Vergence eye movements Saccade-vergence interactions Noncomitant vertical phoria adaptation
Otolith-dependent adaptation of vertical skew Neurophysiology of binocular eye movements
Contact information:James S. Maxwell
School of optometry
360 minor hall
University of california
Berkeley, ca 94720-2020
Phone: (510) 642-7710
Fax: (510) 643-5109
Mechanisms of Vertical Phoria Adaptation Revealed by Time-Course and Two-Dimensional Spatiotopic Maps, James S. Maxwell and Clifton M. Schor, 1994.The spatial spread of short-term phoria adaptation was measured in response to either a single vertical disparity presented at a single eye position, or, vertical disparities of opposite sign presented at two different locations along either the primary vertical or horizontal meridians or along an oblique axis. The spread of adaptation to eye positions not specifically adapted was assessed by measuring phoria across a two-dimensional surface. The change in phoria was uniform across the field in response to a single disparity. With two disparities, adaptation conformed to the stimulus demand in the direction in which the disparity varied but was uniform in the orthogonal direction. The time course of the adaptation indicated the presence of two mechanisms, a global one which shifted the phoria uniformly across the field and a local one which selectively adjusted the phoria to the position-dependent demands of the disparity.
Adaptation of Vertical Eye Alignment in Relation to Head Tilt, James S. Maxwell and Clifton M. Schor, I996Binocular visual feedback is used to continually calibrate binocular eye alignment so that the retinal images of the two eyes remain in correspondence. Past experiments have shown that vertical eye alignment (measured as vertical phoria) can be altered by training to disparities that vary as a function of orbital eye position. The present experiments demonstrate that vertical eye alignment can also be trained to differ with head position when eye position (with respect to the orbit) is held constant. Changes in head position were about either an earth-vertical or earth-horizontal axis to distinguish otolith-ocular related adaptation from cervical-ocular related adaptation. Changes in head position were implemented by either by rotating the whole body (WB) or by rotating the head with the body stationary (HO). Following training, adaptation of eye alignment was observed in all cases of rotation about an earth-horizontal axis and for HO pitch rotations about an earth-vertical axis. The results illustrate the ability of the oculomotor system to compensate for imbalances in otolith-ocular pathways.
Head-position-dependent adaptation of nonconcomitant vertical skew, James S. Maxwell and Clifton M. Schor, 1997Vertical phoria can be trained to vary with either head position or orbital eye position. The present experiments show that subjects can simultaneously adapt their eye-position-specific (noncomitant) vertical phorias in different directions at different head positions. Eye-position-dependent and head-position-dependent adaptive pathways, therefore, are not independent. Rather, the adaptation of vertical skew takes into account both eye and head position. In additional experiments, the magnitude of the noncomitant adaptive response was shown to be related to otolith output, increasing with head tilt ipsilateral to the tilt position at which training was received and decreasing in the contralateral direction.
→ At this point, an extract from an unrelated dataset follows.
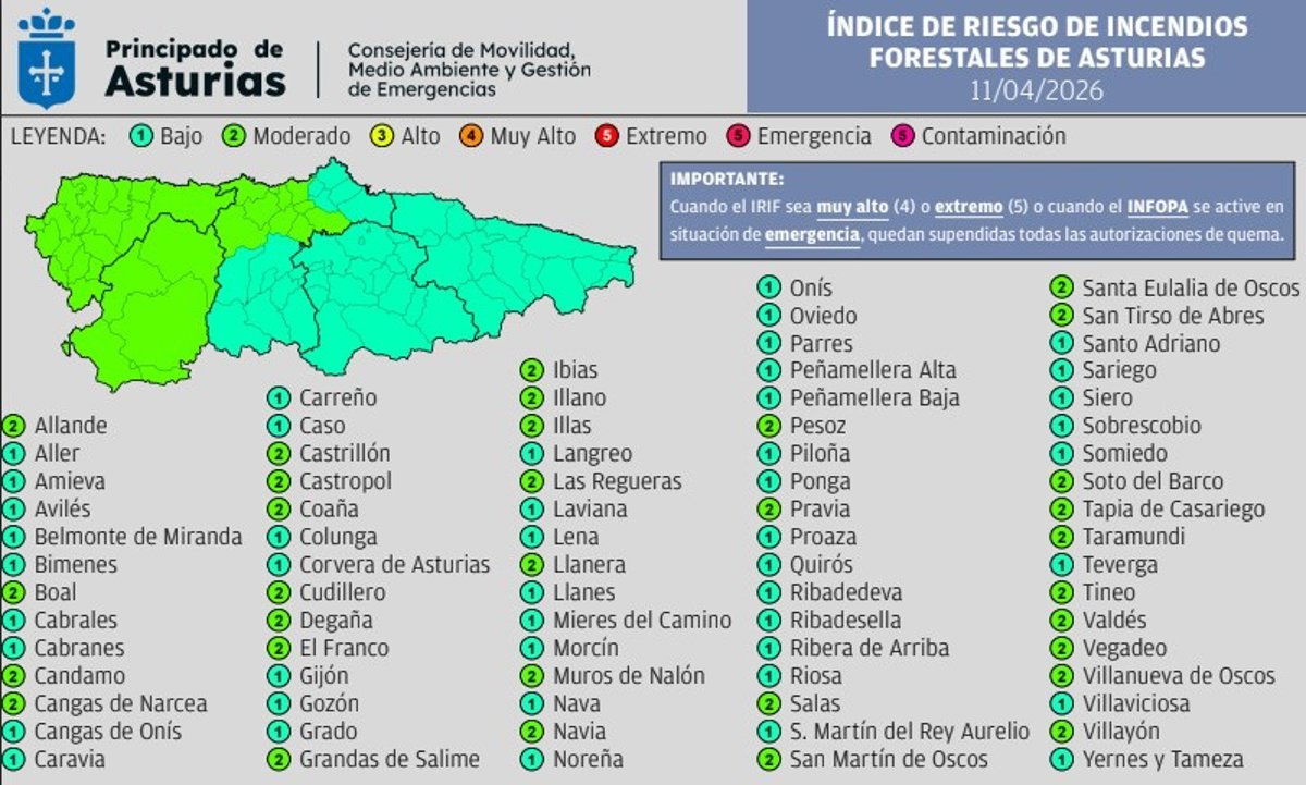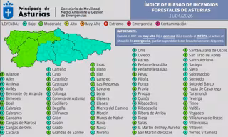 Ningún concejo presenta índices alto, muy alto ni extremo. Se registran niveles de riesgo moderado en 32 municipios y bajo en 46. Estos niveles se calculan en función de las condiciones meteorológicas previstas y de los datos de recurrencia temporal y espacial de incendios forestales.

Dynamics and Efficacy of Saccade-Facilitated Vergence Eye Movements in Monkeys,J.S. Maxwell and W.M. King, 1992Macaque monkeys were trained to alternately fixate targets requiring different combinations of horizontal version and vergence. Eye movements were recorded binocularly with search coils. The peak vergence velocity for combined vergence-saccade eye movements reached higher velocities than for vergence movements alone and vergence speed increased in direct proportion to saccade amplitude. We determined, however, that most of the increase in speed was due to the addition of transient vergence movements that occur for all saccades, even those between targets at the same distance where no vergence is required. Even so, vergence speeds during combined vergence-saccades exceeded the speeds predicted by the linear addition of saccade-related vergence transients and pure vergence movements. The increased vergence speeds were behaviorally relevant in that vergence duration was decreased. A distinction was made between the intrasaccadic vergence that occurred during saccades and the intrasaccadic vergence that occurred because of saccades by calculating the amount of vergence that would have occurred during the duration of the saccade (based on the average speed of pure vergence movements of comparable size and assuming linear addition) and subtracting that from the actual vergence obtained. The difference was assumed to be the portion of vergence contributed by a saccade-related mechanism and not by the slow vergence controller.